**Task details:** Below is a listing with pictures in it; transcribe exactly the lines from the one that has "Anel almofada quadrado" through the one that has "2025年7月27日,在加沙", and omit those pictures.

**Records shown:**
*** Block opens ***
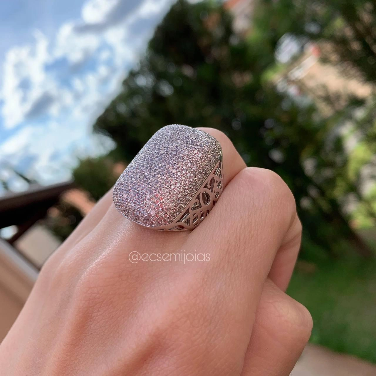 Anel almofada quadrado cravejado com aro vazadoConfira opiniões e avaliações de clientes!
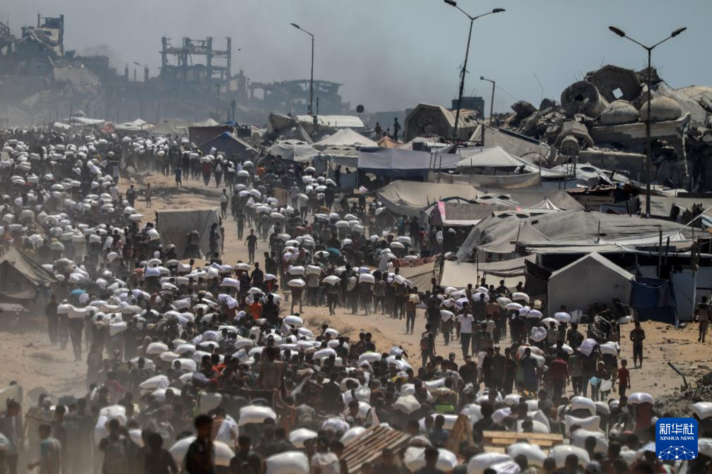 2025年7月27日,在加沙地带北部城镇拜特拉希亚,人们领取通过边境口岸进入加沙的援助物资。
*** Block closes ***
*** Block opens ***
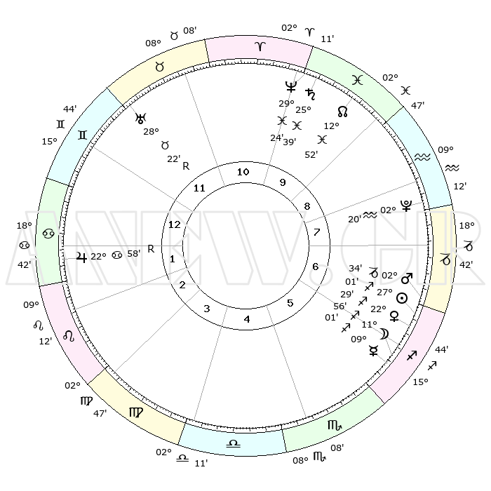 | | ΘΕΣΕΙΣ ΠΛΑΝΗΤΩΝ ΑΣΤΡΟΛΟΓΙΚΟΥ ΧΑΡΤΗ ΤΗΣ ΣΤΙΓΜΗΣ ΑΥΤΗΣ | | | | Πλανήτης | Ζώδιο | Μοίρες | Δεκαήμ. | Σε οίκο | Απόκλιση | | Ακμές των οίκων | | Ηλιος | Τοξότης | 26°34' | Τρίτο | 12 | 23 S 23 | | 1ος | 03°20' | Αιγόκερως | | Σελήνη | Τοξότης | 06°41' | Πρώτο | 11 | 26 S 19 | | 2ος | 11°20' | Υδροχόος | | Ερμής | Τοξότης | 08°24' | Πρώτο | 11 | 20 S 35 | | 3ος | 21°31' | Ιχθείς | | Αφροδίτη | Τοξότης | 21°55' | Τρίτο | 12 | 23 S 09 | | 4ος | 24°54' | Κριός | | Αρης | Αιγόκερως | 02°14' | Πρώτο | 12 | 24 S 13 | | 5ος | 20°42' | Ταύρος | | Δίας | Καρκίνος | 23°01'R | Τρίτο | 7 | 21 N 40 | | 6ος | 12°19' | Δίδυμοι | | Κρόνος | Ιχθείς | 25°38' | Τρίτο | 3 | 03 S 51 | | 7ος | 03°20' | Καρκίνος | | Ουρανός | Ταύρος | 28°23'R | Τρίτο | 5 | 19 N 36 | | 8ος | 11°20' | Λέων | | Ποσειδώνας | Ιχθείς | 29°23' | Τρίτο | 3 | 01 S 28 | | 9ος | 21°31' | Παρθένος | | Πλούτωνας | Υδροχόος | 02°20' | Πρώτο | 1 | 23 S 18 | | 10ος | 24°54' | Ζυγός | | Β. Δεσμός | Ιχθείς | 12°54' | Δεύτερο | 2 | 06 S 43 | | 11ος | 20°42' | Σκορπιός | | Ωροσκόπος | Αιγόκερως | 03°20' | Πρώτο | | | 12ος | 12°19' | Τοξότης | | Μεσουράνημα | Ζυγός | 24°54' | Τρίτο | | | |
*** Block closes ***
**Exercise solution:**
 Anel almofada quadrado cravejado com aro vazadoConfira opiniões e avaliações de clientes!
 2025年7月27日,在加沙地带北部城镇拜特拉希亚,人们领取通过边境口岸进入加沙的援助物资。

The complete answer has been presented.